話していると、また一人。ここにやってきた。

 

妖夢「どうも」

 

キリト「あ、妖夢」

 

妖夢「キ、キリトさん!?」

 

ミスティア「いらっしゃいませ!」

 

妖夢は少し照れながら席へと座った。妹紅は妖夢のことを知っていたようで、なんとも仲良く話している。妖夢は魚を手に取り、お酒をもらって食べて飲んでいた。

俺も少し食べようかと魚に手を伸ばす。ミスティアは少なくなったのを感じ、魚に塩をまぶして再び目の前で焼いた。

 

キリト「妖夢も食べたくなったのか?」

 

妖夢「あ、はい。紫様と幽々子様にさっき用があって、それが終わったのでたまたま通ったらミスティアが屋台をやっていたもので」

 

妹紅「そうだな。ミスティアの屋台は美味しいな」

 

ミスティア「ありがとうございます!」

 

そして、はなして数十分後。妹紅は満足して、帰った。俺はというと…。

 

妖夢「聞いてくださいよぉキリトさぁん。幽々子様が前に私にぃ」

 

すっかり酔ってしまった妖夢の愚痴を聞く係になってしまっていた。苦笑いをするしかない。もうずっと聞いていて愛想笑いするぐらいである。

酔ってないので、俺は平常心だった。ミスティアも苦笑している。魚は妖夢の前にだけ置かれ、俺はもう満足していたので置かないでいいと言った。

そして、妖夢の周りを飛んでいる白い魂をクッション代わりにまだ話す。

 

妖夢「幽々子様なんて、「私の言う通りにしたらいいのよ」って言うんですよぉ。ひどくないですかぁ!?」

 

キリト「あ、あはは…そ、そうだな」

 

妖夢「それでですねぇ?」

 

そう。このエンドレスである。もう色々と聞いた。確かに誰かに話せば楽になるというけど、言い過ぎである。妖夢も大分苦労しているんだな。

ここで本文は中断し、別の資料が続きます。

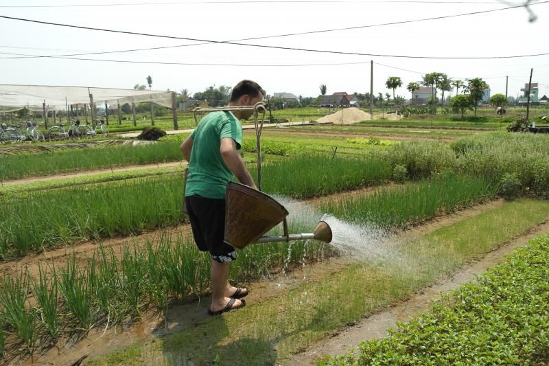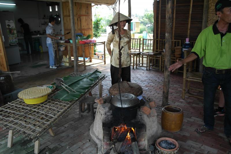 Ertesi sabah Hoi An'da, Vietnam'ın bitki örtüsünü daha yakından tanımak için bisiklet turuna çıktım. Bisikletle şehir dışına doğru pedal çevirdik. Yol üzerinde karşımıza çıkan, içinde bir su değirmeninin bulunduğu çiftliğe misafir olduk. Bu çiftlik evinde odun ateşiyle pişen, bu yörenin yemeklerinin hazırlanışına tanık oldum.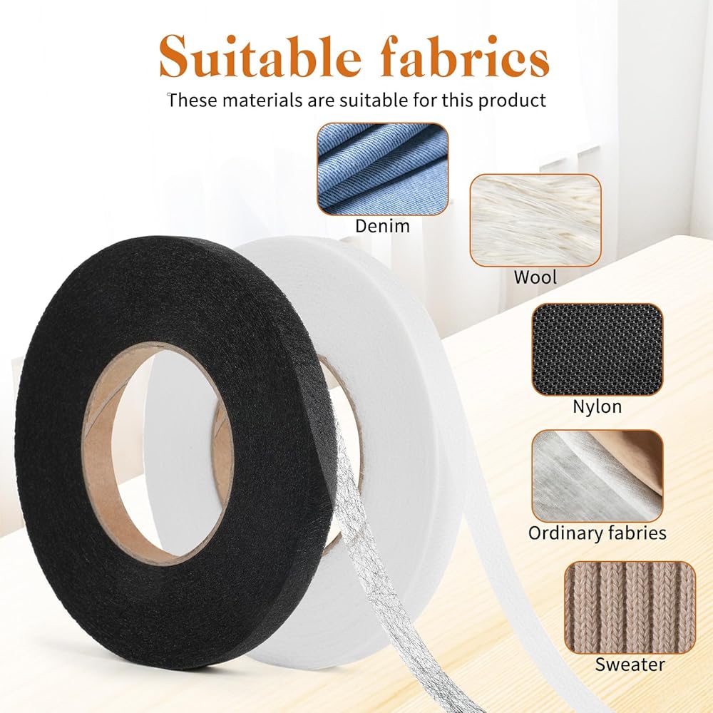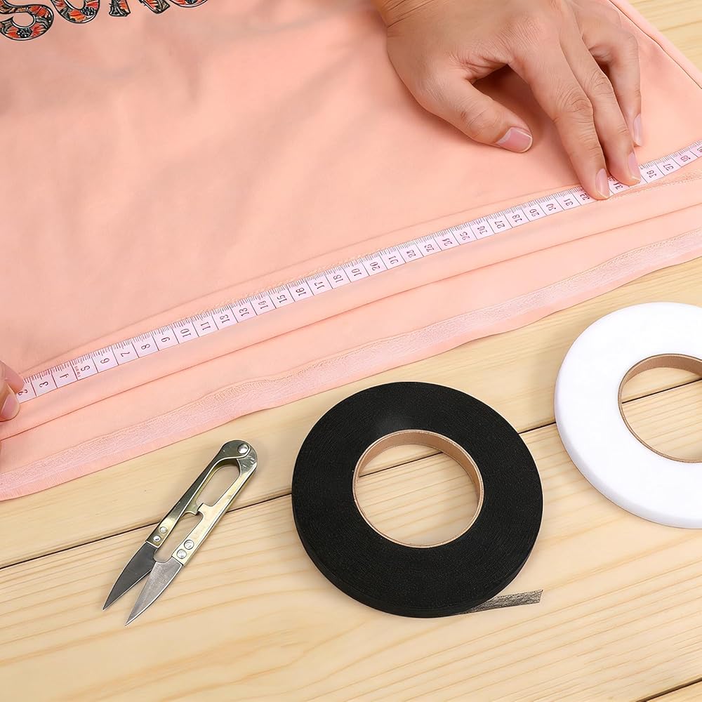 You Will Receive: 2 rolls of 0.59 inch width hem tape (70 yards each), measuring tape, and scissors for immediate use. The white and black fusible hem tape combination accommodates both light and dark fabrics. This stitch witchery kit provides all necessary tools for precise measuring, cutting, and application, ensuring professional results for beginners and experienced users alike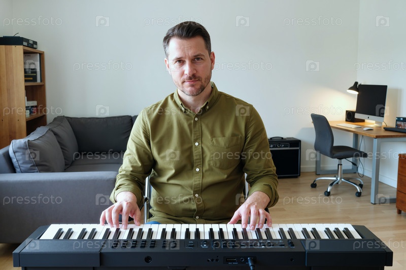 Портрет молодого взрослого мужчины, играющего на цифровом пианино в домашнем офисе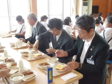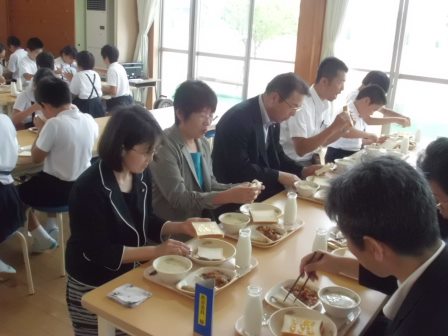 市教委学校訪問、ありがとうございました! 2014年6月18日 18時54分 羽咋市教育委員会による学校訪問が行われました。はじめに職員の自己紹介と教育活性化プラン(市教育ビジョンに則った学校独自の工夫した取組)の進捗状況について説明し、質疑応答が行われました。次に各学級の公開授業を参観していただき、あわせて校舎の設備や環境づくり等についても実際に見ていただきました。子どもたちはいつも通りの学びを展開し、よくがんばっていました。4限が終了し、通常は会議室で給食を食べていただくのですが、今回は瑞穂小の特徴である「黙食」と「毎日ほっとタイム」を実際に体験していただくために、ランチルームでいっしょに食べていただきました。BGMが流れる中、静かに食べる雰囲気はどうでしたでしょうか。その後の、よい行いをした人について書かれた日記の紹介や、朝の自主的なあいさつに参加した人の紹介、保健委員会からの歯に関する標語の表彰はいかがでしたでしょうか。瑞穂小では、お昼の全校が集うこの場を活用し、5分程度ですが個々の良さを全員で共有しています。教育委員会の皆様、本日は瑞穂小の教育活動を熱心にご覧いただき、ありがとうございました。本日いただいたご助言を生かし、明日からまた教職員一丸となってがんばります。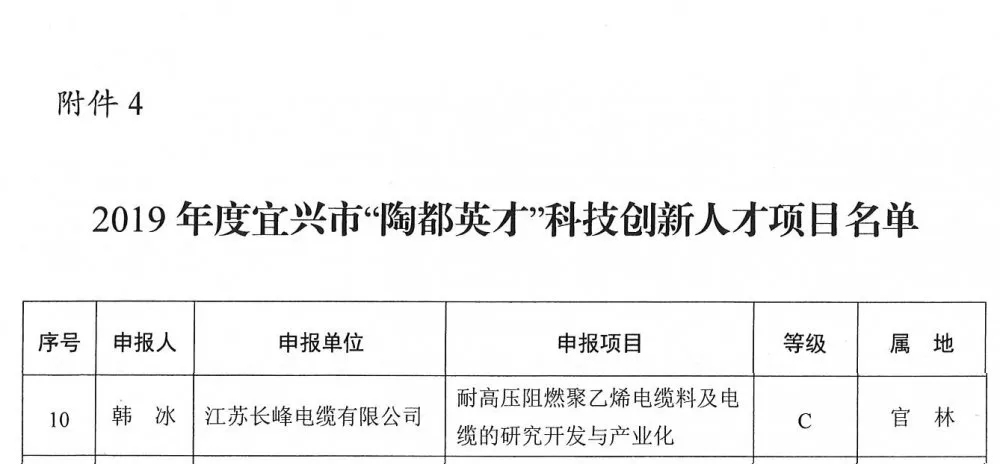 2020年初,中超控股旗下子公司长峰电缆收到了宜兴市财政局一笔关于“陶都英才”的拨款奖励,意味着公司的研发项目又一次得到了认可!

すると、妖夢が顔をこちらに向け、いっきに近づいてきた。

 

妖夢「もう私はぁキリトさん無しでは生きていけませぇん…。もっと白玉楼来てくださいよぉ。魔理沙ばっかりずるいですぅ。私にも会いに来てくださいよぉ」

 

キリト「お、おう…」

 

もう半眼で、眠そうな感じがしている。体をゆするが、眠りそうだった。俺は少し苦笑し、ミスティアに言った。

 

キリト「俺が払うよ。お勘定は?」

 

ミスティア「え~…三百六十文です」

 

キリト「わかった」

 

俺はポッケから金を出し、ミスティアに渡した。にっこりと笑ったミスティアは、ぺこっとお辞儀した。俺は妖夢の腕をそっと俺の肩に置き、妖夢の刀を左手に立った。

 

ミスティア「大丈夫ですか?」

 

キリト「あぁ、大丈夫だよ。ありがとうミスティア」

 

ミスティア「いえ、またいらしてください!」

 

俺は軽く手を振って、その場を後にした。妖夢はもうすっかり眠ってしまった。よほど疲れていたのか、ただあの大食い幽々子に仕えているわけだから仕方ないか。

俺はゆっくり歩いて人里へ戻っていった。

 

 

 

 

 

 

 

 

慧音「遅いな、キリト。もう夜中だぞ」

 

キリト「悪い、慧音。ちょっと妖夢と飲んでたらかなり時間過ぎちゃってたよ」

 

慧音「そうか。まぁもうすぐ門を閉めるぞ。ほら早く入れ」

 

俺は人里へ無事は入れた。下手したら入れなかったのに少し焦りを感じてしまった。ゆっくり俺は自分の家へ帰る。無事玄関を足で開けて、布団に妖夢をゆっくり寝かした。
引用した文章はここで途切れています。